Time meets protein corona: the Vroman effect dictates macrophage recognition of PEGylated nanoparticles

Abstract

The phenomenon of the protein corona is a major contributor to the limited bench-to-bedside translation of nanomedicines, as it confers a new biological identity that can lead to rapid bloodstream clearance. The composition of the protein corona is dynamic and varies over time.
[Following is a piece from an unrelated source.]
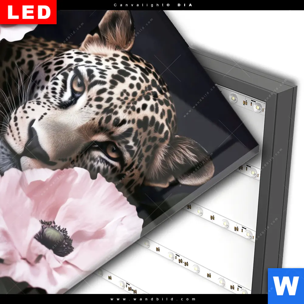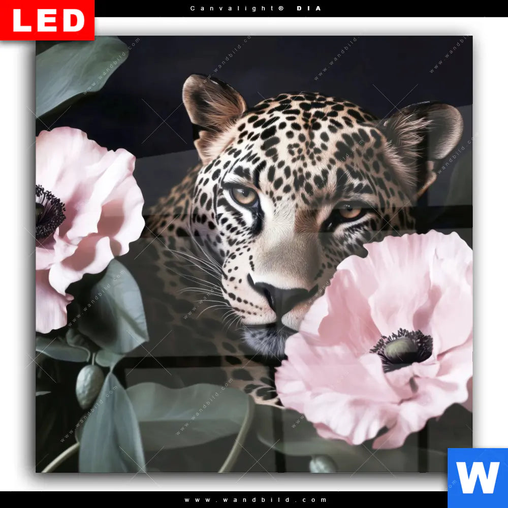 Wechselmotiv Acrylglas Canvalight® DIA | Blumen und Raubkatzenmagie | Quadrat

This so-called Vroman effect implies that nanoparticles (NPs) should display a time-dependent biological identity that would modulate how they interact with the living environment as time evolves. Incorporating polyethylene glycol (PEG) into nanoformulations is the gold-standard for minimizing this rapid recognition by the immune system. Nonetheless, whether the protein corona and, consequently, the biological identity imparted by this stealth polymer are immutable over time remain unexplored. Here, we provide a facile assay to evaluate how the Vroman effect dictates macrophage recognition of NPs upon incubation with plasma. For that purpose, we have engineered two types of PEGylated mesoporous silica nanoparticles that have been subjected to short-term (5 min) or long-term (1 h) incubation with human plasma to allow for protein corona formation. The physicochemical characterization has demonstrated appreciable changes according to the incubation time (e.g., mean size, amount of protein adsorbed…). The protein coronas have been fully analyzed by means of proteomics, validating the existence of an underlying Vroman effect. The key finding and novelty of our work is that flow cytometry experiments of time-dependent protein coronas suggest the existence of a transient, undesired protein corona that enhances immune recognition before evolving into a less immunogenic state, regardless of the PEGylation degree. Altogether, these findings open the door to more exhaustive analyses of nanomedicines and could contribute to the rational design of in vivo experimentation.